Changing the legal status of animals could complement universal human rights. After all, there are many historical precedents in which human rights violations have been justified by “animalizing” humans. This form of justifying unjust treatment works because our society sees animals as objects without rights. For example, animalization was one of the tactics used to justify mass murder during the Holocaust. More recently, U.S. President Donald Trump said, “These aren’t people. These are animals.” in an effort to justify his punitive U.S.-Mexico border policies that many have criticized as inhumane. None of these examples are meant to equate humans and non-human animals. Rather, they point out how allowing violence against animals can end up being used to justify violence towards humans. Giving rights to animals would therefore indirectly prevent human rights abuses by reducing the power of the animalization strategy to strip humans of their rights.
The main call to action presented in this chapter is that of calling upon an international governing body, such as the United Nations, to draft a universal declaration of animal rights analogous to the Universal Declaration of Human Rights (UDHR). Such a declaration would then need to be codified into laws by governments around the world. The international rights declaration would serve as a standard against which domestic laws could be held. While a declaration of animal rights was previously drafted in 1978, it was created by a coalition of NGOs and did not become translated into actual laws. Some of the legal rights that are declared as fundamental for humans which would make sense to grant to animals are freedom to life, liberty, and freedom from torture. In the end, these laws would follow the UDHR’s mission of preventing “barbarous acts which [outrage] the conscience of mankind.”

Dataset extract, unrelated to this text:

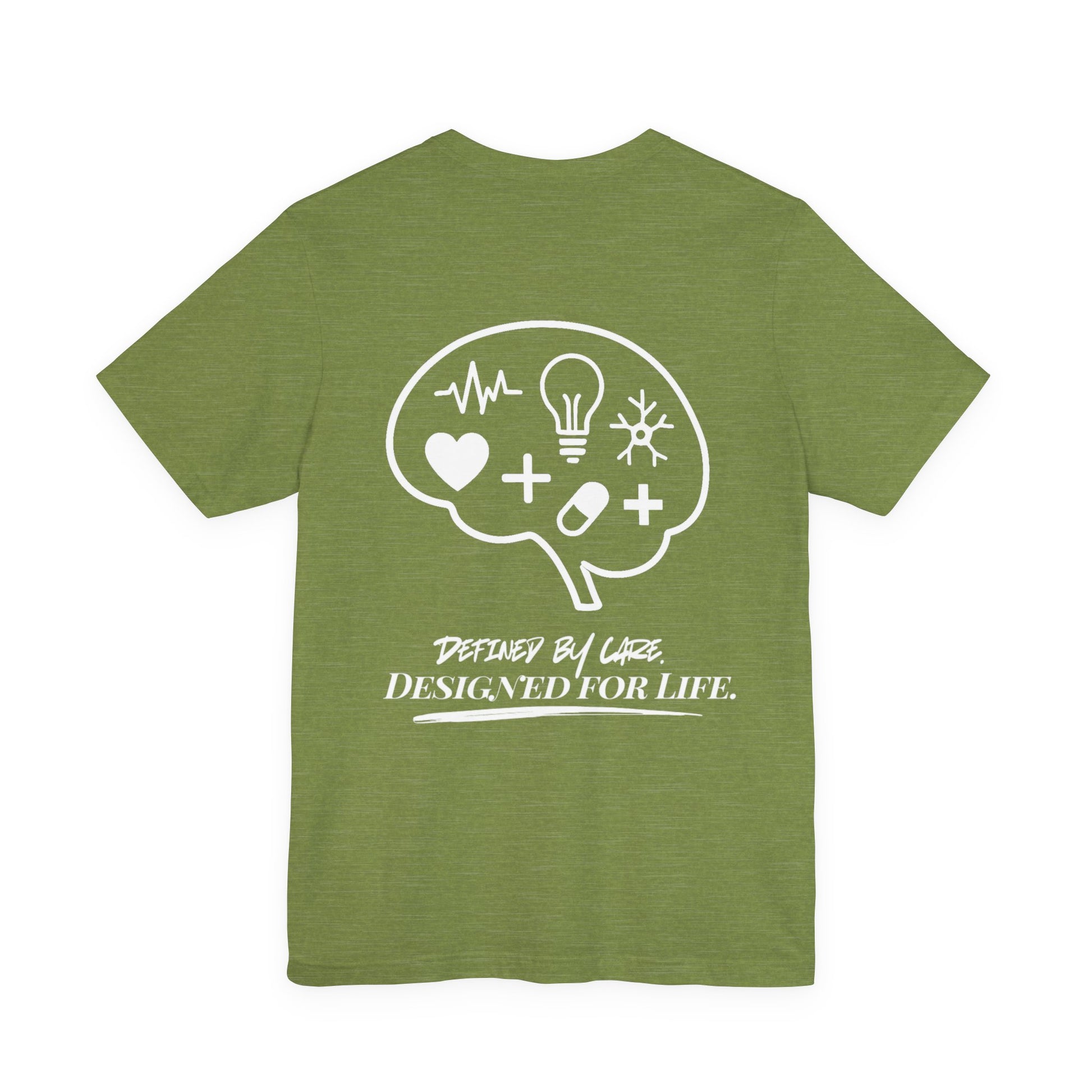 The Brain Legacy Unisex Shirt features a logo outline filled with medical icons symbolizing knowledge, resilience, and care. Each piece in the collection carries the mark of our slogan, "Defined by Care. Designed for Life." -blending timeless style with the heart of healthcare. Neurology Teams, Psych Nurses/Techs, Mental Health Therapists, Neuro Surgeons, and every professional caring for the mind as much as the body.

Before finishing the chapter, Dr. Peters validates the critique that efforts to enact animal rights risk becoming entangled with pushing Western values onto other cultures, and unfairly targeting marginalized communities. Indeed, condemning minority groups or indigenous people by calling their treatment of animals “backwards” or “barbaric” has been a strategy used by imperialists across time. Likewise, there have been past instances of discriminatory targeting of minority practices, such as ritual slaughter by Muslims or indigenous hunting of whales/seals, over practices carried out by the majority group that are much larger in scale (e.g. factory farming). It is important to not scapegoat one culture over another for their treatment of animals, and to recognize that all human cultures exploit animals in their daily lives. This is not to say that cultural practices justify cruelty or injustice – e.g., cultural practices such as banning women from pursuing a career are nevertheless worth fighting. Animal rights advocates must be wary of biases and power imbalances when making campaign decisions, while remaining committed to fighting for universal animal rights.
In summary, this chapter highlights the need to push for animal rights policies to be adopted by influential international organizations. While NGOs can lead this charge, a legitimizing international authority group (such as the United Nations) may be needed in order to effectively promote the addition of animal rights laws across countries.